=== Your task ===
Repeat, exactly as written, the lines from the one with "杜兰特生涯得分超乔丹,出手次数更少彰显高效" to the final line of the listing, and keep every picture out.

=== Collected data ===
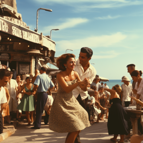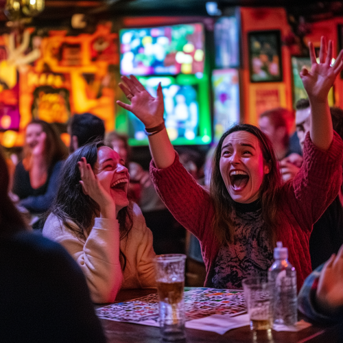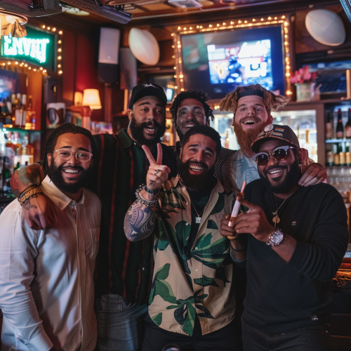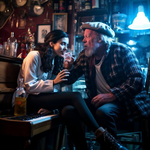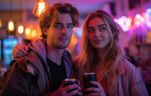 Realistic photo of a european male and female couple, each holding a solid black blank can. They are standing at an outside bar with ambient colorful lighting --v 6.0 --s 750 --ar 19:12
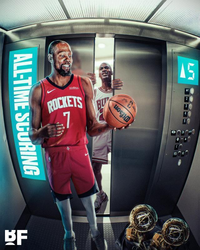 杜兰特生涯得分超乔丹,出手次数更少彰显高效
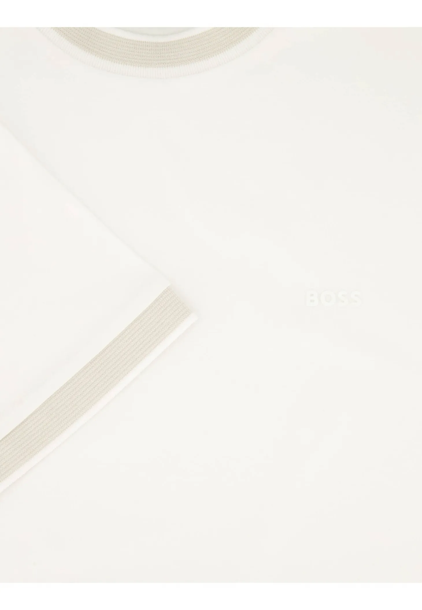 - Kontrastfarbene gerippte Bündchen am Ausschnitt und Ärmelabschluss
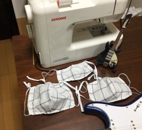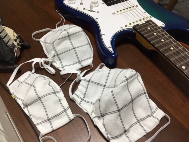 っということで、ミシンでマスク自作しました。ギターで曲を作らず、マスク作る!

=== Result of this exercise ===
 杜兰特生涯得分超乔丹,出手次数更少彰显高效
 - Kontrastfarbene gerippte Bündchen am Ausschnitt und Ärmelabschluss
 っということで、ミシンでマスク自作しました。ギターで曲を作らず、マスク作る!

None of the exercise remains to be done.